Back in the Smokies, loading up our packs with every part of us drenched in heavy rain, my friend proved much better at knowing what to do to accept the day before us. “Don’t take this personally,” she told me knowing that I otherwise would, “but I’m probably going to cry today. It’s not about you. It’s just that the weather sucks and this will help me get through these next 8 miles.” I wish everyone in our church could be that clear and self-aware when what’s wrong is that the world is outside our control. I wish I could be that clear and mature.
As we trudged along through pools on the trail, with the waters of the adjacent river growing strong and dangerous, I remembered our laughter the previous day when a family, trying to find their way from Clingmans Dome back to the parking lot located only a few football fields away where they had parked their car, ended up several miles lost in the woods. Lost, until they stumbled upon our campsite, thirsty and scared and cussing at each other in a language I don’t know. “Thank God,” the mother blurted out upon seeing us, “we’re rescued! Take us to the nearest parking lot.” When I explained that the nearest parking lot was nearly 3 miles and a thousand feet back up the mountain the way they had come, the father who had led them down the path in the first place, protested. “There’s got to be another way,” he said.
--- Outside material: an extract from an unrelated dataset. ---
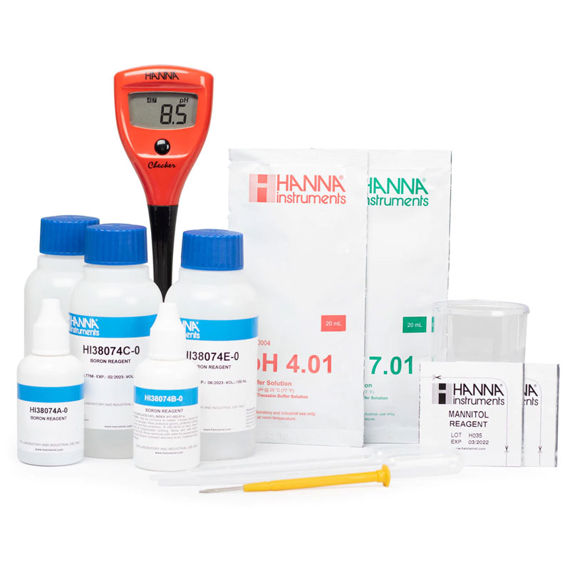 O HI38074 é um teste kit químico de titulação que determina a concentração de boro em águas de irrigação numa faixa de 0 a 5 mg/L (ppm). O HI38074 acompanha todos os reagentes e equipamentos necessários para realização de análises, incluindo o medidor de pH Checker HI98103. O medidor de pH Checker HI98103 é usado para preparação da amostra e para a determinação do pH no endpoint. O HI38074 contém reagentes suficientes para realização de 100 testes.

I showed him the map but he looked around as if the more reasonable route would be to expect a ladder to descend from heaven for an escape. “What’s the chance of a rescue?” the mom asked us, dead serious. “I don’t think they are going to send a helicopter to get you to the parking lot,” I said. “Plus, somebody would have to hike there to ask for it.”
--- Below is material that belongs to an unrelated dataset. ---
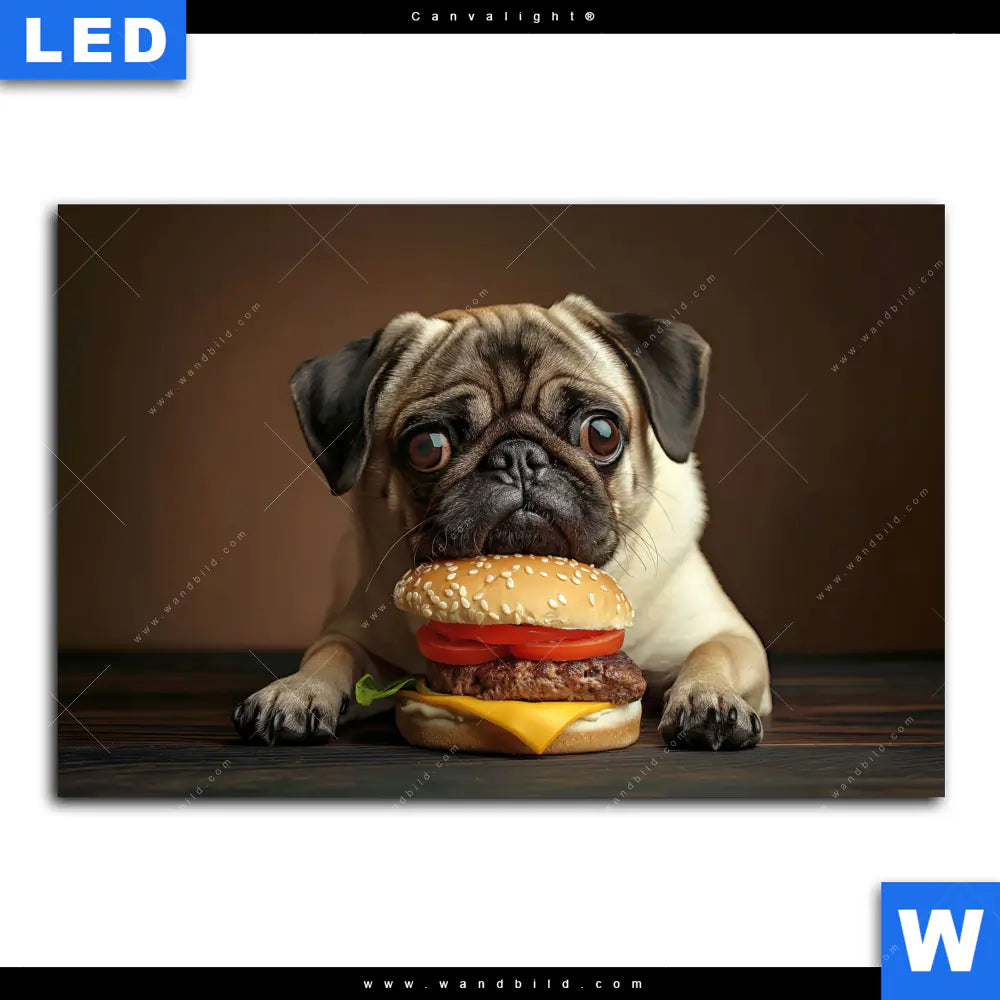 Canvalight® Leuchtbild | Mops mit Cheeseburger | Querformat

The color drained out of the mom’s face as it began to dawn on each of them that there would be no rescue. There was no easy way out. Acceptance was hard to come by. “Well,” the mom said, holding back tears, “we’re just going to have to support each other.” We filtered more water and sent them on their way. As soon as they were out of eye sight, the family cussing started up again, loud and clear for the next half mile. At least they won’t run into any bears, I thought.
Back on day 3, wet and miserable on our way to our own parking lot, I looked back at my friend. “What are the chances of a rescue?” I asked. She smiled and cussed through the rain. “I guess we’ll just have to support each other, you miserable son-of-a. . .!!”
[1] Anne Lamott, Dusk, Night Dawn: On Revival and Courage, (New York: Riverhead Books), 2021, p. 100.
[2] Ibid, p. 109.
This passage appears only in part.